Distributed Data Processing • Spark Architecture & Execution ModelMedium⏱️ ~2 min
Spark in Production: Batch ETL and Streaming at Scale
The Production Architecture: In real world deployments, Spark sits between storage systems like S3 or HDFS and serving systems like data warehouses or key value stores. Raw data flows in from sources like Kafka, lands in object storage, gets transformed by Spark, and lands back in curated datasets that downstream tools can query.
At Netflix, raw events such as play starts, errors, and device telemetry arrive at millions of events per second. These land in S3 as compressed files. Spark clusters on EMR or Databricks read tens to hundreds of terabytes per day, perform ETL, join with dimension tables, compute aggregates, and write results back to S3 in columnar formats like Parquet. Downstream tools like Presto query these curated tables with p50 latencies in the hundreds of milliseconds.
Batch ETL Sizing: A typical daily batch pipeline runs with 100 to 500 executors, each having 8 to 16 cores and 64 to 128 GB of memory. These clusters scan 10 TB of columnar data and perform multi way joins in a few minutes when tuned correctly, with p50 stage times in seconds and end to end job times under 10 minutes. To process a 20 TB daily partition within 30 minutes, engineers provision enough aggregate CPU and memory, tune shuffle partitions to keep tasks handling 100 to 300 MB each, and enable AQE for dynamic optimization.

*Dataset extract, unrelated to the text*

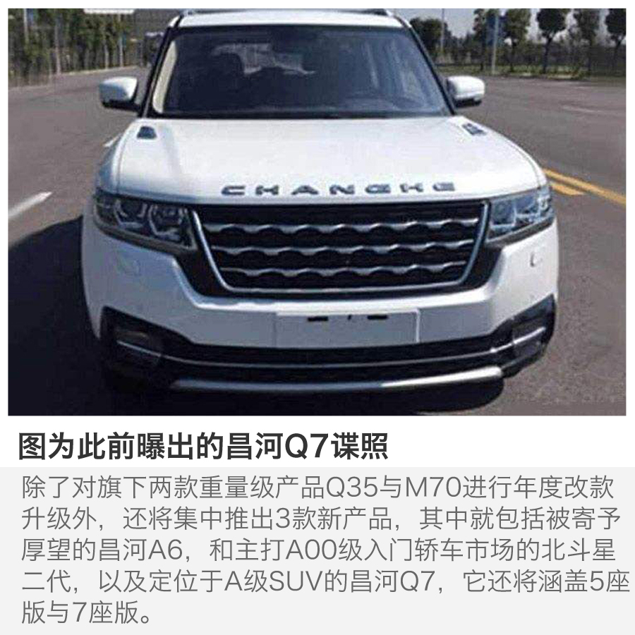 在传统能源乘用车的规划上,2017年第与2018年,昌河将会集中发起一轮新的产品攻势。除了对旗下两款重量级产品Q35与M70进行年度改款升级外,还将集中推出3款新产品,其中就包括被寄予厚望的昌河A6,和主打A00级入门轿车市场的北斗星二代,以及定位于A级SUV的昌河Q7,它还将涵盖5座版与7座版。

Structured Streaming: For real time use cases, Spark Structured Streaming processes data in micro batches every 500 milliseconds to 5 seconds. At Uber, Kafka feeds events at hundreds of thousands to a few million events per second for use cases like fraud detection or surge pricing. Spark maintains state in memory, checkpoints periodically for fault tolerance, and can keep end to end latency from event ingestion to derived signal under 2 to 5 seconds p50 and 10 to 20 seconds p99 with proper backpressure configuration.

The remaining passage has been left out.